Objectives International guidelines recommend Mycoplasma genitalium testing, preferably using an assay to detect macrolide resistance-associated mutations, for men presenting with non-gonococcal urethritis, but there is no specific guidance on such testing for men with gonococcal urethritis.
Methods This study aimed to estimate the proportion of men with gonococcal urethritis who have coinfection with M. genitalium through a retrospective analysis of cases of symptomatic urethral gonorrhoea at Western Sydney Sexual Health Centre in 2017 and 2018.
Results Fourteen of 184 (7.6%, 95% CI 3.7 to 11.5) men with gonococcal urethritis had M. genitalium detected in the urine at the time of presentation. No demographic or behavioural factors predicted M. genitalium coinfection.
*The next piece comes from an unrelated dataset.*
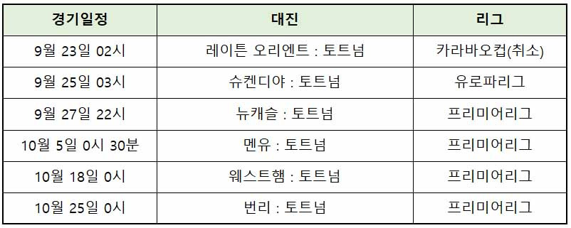 칼버르트윈 / 로드리게스 / 히샬리. 토트넘 홋스퍼 fc 경기일정/결과 (잉글랜드 프리미어리그 2020/2021) 토트넘 경기일정 토트넘 마린 오는 한국시간 1월 11일 월요일 새벽 02:00에 토트넘 마린 경기가 마린의 홈인 디 아리바 스타디움에서 열릴 예정이다. ~~ 채택해드립니당 토트넘의 9/10월,바쁜 일정입니다. 가격은 액면가보다 높거나 낮게 책정될 수 있습니다.

Coinfection with urethral Chlamydia trachomatis was detected in 29 of 184 (15.8%, 95% CI 10.5 to 21.1). All five men with macrolide-resistant M. genitalium detected returned for treatment with moxifloxacin at a median of 8 days (range 5–16 days) after presentation and treatment of gonorrhoea; three of five were documented to remain symptomatic at this visit.
Conclusion Although M. genitalium coinfection is less common than chlamydia among men with symptomatic gonococcal urethritis, M. genitalium testing, using an assay to detect macrolide resistance, will potentially reduce symptom duration particularly for men with macrolide-resistant infections, but may not be justifiable on cost-benefit analysis.